- _EXERCISE DETAILS_
Although the data below holds other lines too, output only those from the line with "Комбинированная плита Gorenje, полезный" up to and including the line with "Le bon de livraison", exactly as they appear.

- _EXERCISE DATA_
= = =

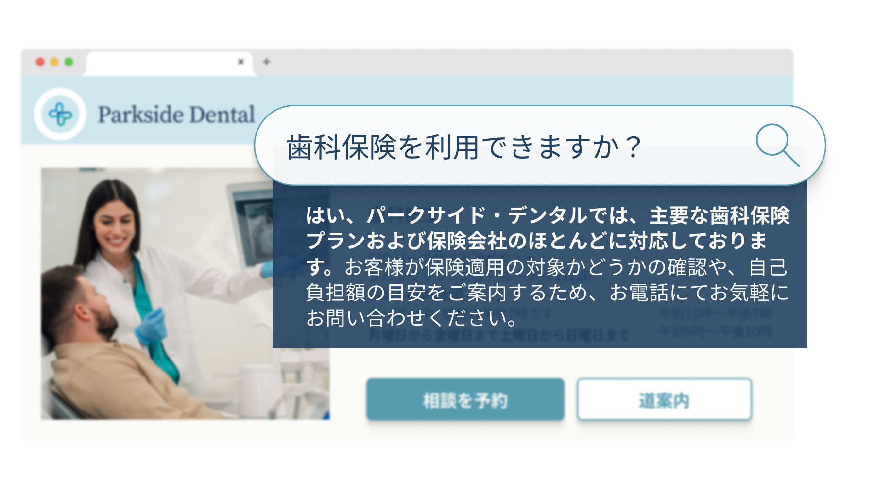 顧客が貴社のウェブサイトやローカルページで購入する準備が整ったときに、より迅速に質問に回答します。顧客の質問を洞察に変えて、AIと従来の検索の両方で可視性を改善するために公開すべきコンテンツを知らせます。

= = =

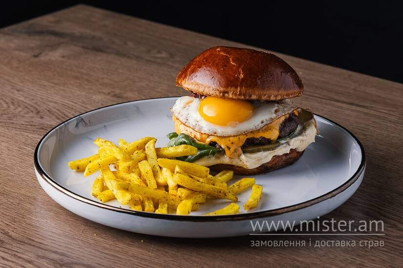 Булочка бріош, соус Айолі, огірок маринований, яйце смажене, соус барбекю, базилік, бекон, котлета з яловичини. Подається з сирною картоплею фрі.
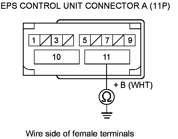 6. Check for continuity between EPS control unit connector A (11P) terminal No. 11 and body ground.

= = =

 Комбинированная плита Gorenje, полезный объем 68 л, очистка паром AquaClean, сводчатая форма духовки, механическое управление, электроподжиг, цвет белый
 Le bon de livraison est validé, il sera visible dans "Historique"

= = =

- _TASK OUTPUT_
 Комбинированная плита Gorenje, полезный объем 68 л, очистка паром AquaClean, сводчатая форма духовки, механическое управление, электроподжиг, цвет белый
 Le bon de livraison est validé, il sera visible dans "Historique"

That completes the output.